▸ **Work request**
Only the lines from the one containing "Prison chain gang" through the last line of the data below belong in your answer, copied exactly and without pictures.
──────── Input data ────────
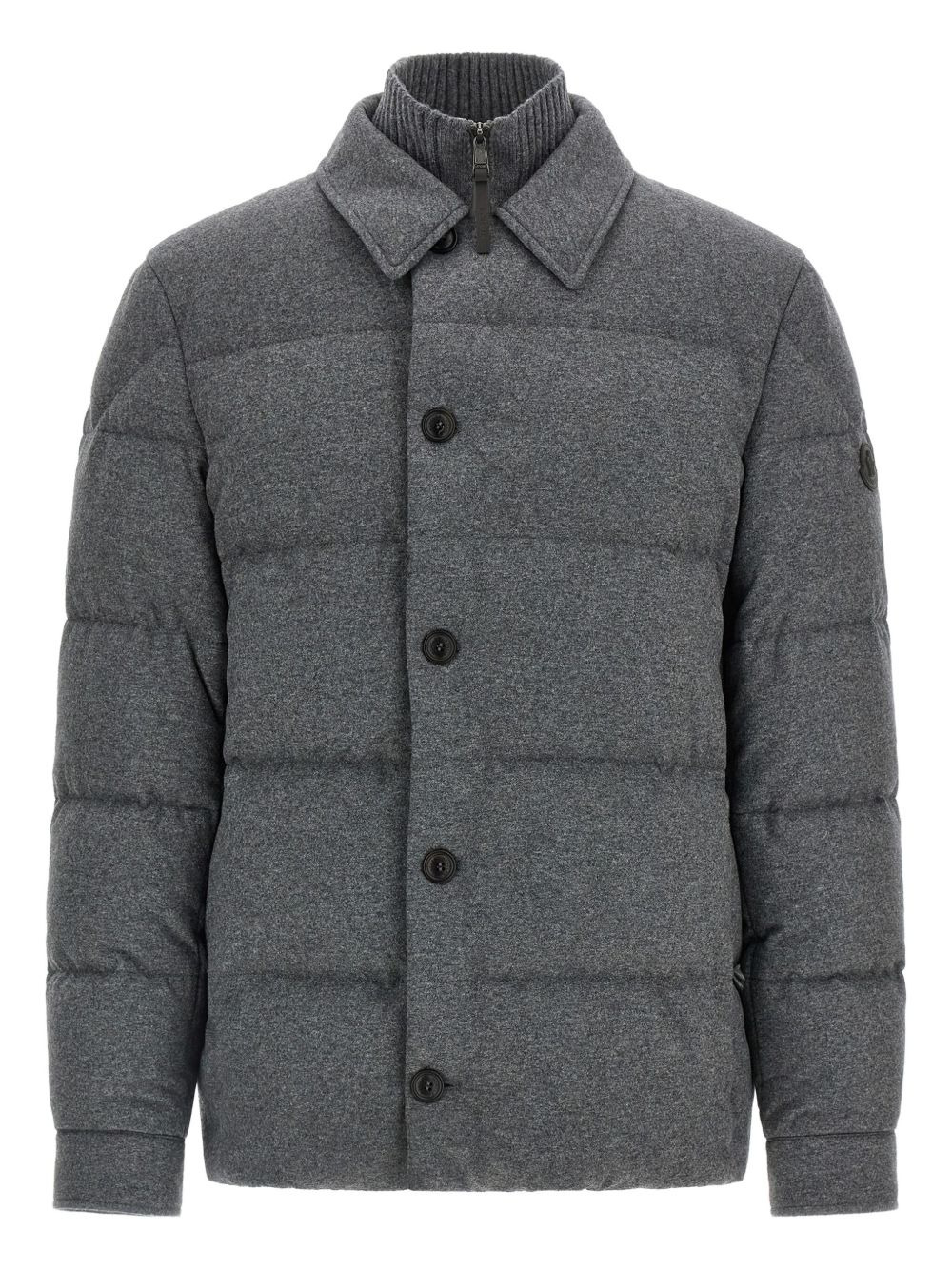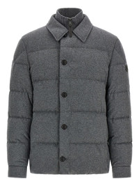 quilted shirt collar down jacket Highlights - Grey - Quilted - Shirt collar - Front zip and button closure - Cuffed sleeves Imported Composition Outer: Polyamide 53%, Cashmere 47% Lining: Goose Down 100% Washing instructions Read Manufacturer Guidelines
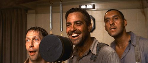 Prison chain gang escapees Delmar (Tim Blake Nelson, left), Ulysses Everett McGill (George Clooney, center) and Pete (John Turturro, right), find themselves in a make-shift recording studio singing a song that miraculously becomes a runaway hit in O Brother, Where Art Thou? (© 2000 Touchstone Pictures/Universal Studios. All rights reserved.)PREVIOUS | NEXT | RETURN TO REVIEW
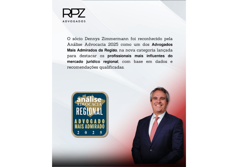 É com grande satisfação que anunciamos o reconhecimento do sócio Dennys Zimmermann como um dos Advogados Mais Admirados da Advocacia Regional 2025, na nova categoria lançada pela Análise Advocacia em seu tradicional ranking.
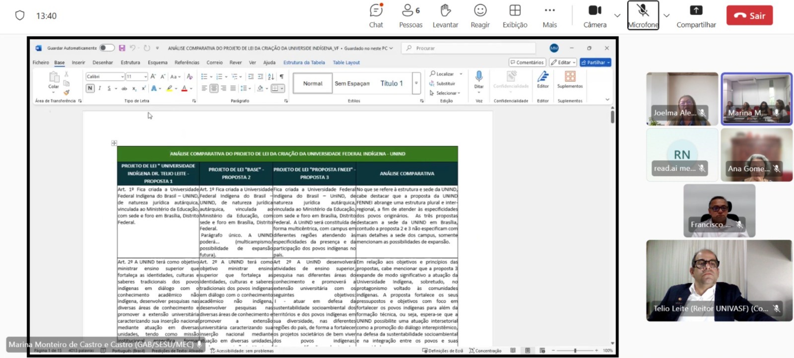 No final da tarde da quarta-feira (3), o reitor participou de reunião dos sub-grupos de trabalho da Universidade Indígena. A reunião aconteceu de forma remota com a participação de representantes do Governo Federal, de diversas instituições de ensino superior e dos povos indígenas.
────────
▸ **Final answer**
 Prison chain gang escapees Delmar (Tim Blake Nelson, left), Ulysses Everett McGill (George Clooney, center) and Pete (John Turturro, right), find themselves in a make-shift recording studio singing a song that miraculously becomes a runaway hit in O Brother, Where Art Thou? (© 2000 Touchstone Pictures/Universal Studios. All rights reserved.)PREVIOUS | NEXT | RETURN TO REVIEW
 É com grande satisfação que anunciamos o reconhecimento do sócio Dennys Zimmermann como um dos Advogados Mais Admirados da Advocacia Regional 2025, na nova categoria lançada pela Análise Advocacia em seu tradicional ranking.
 No final da tarde da quarta-feira (3), o reitor participou de reunião dos sub-grupos de trabalho da Universidade Indígena. A reunião aconteceu de forma remota com a participação de representantes do Governo Federal, de diversas instituições de ensino superior e dos povos indígenas.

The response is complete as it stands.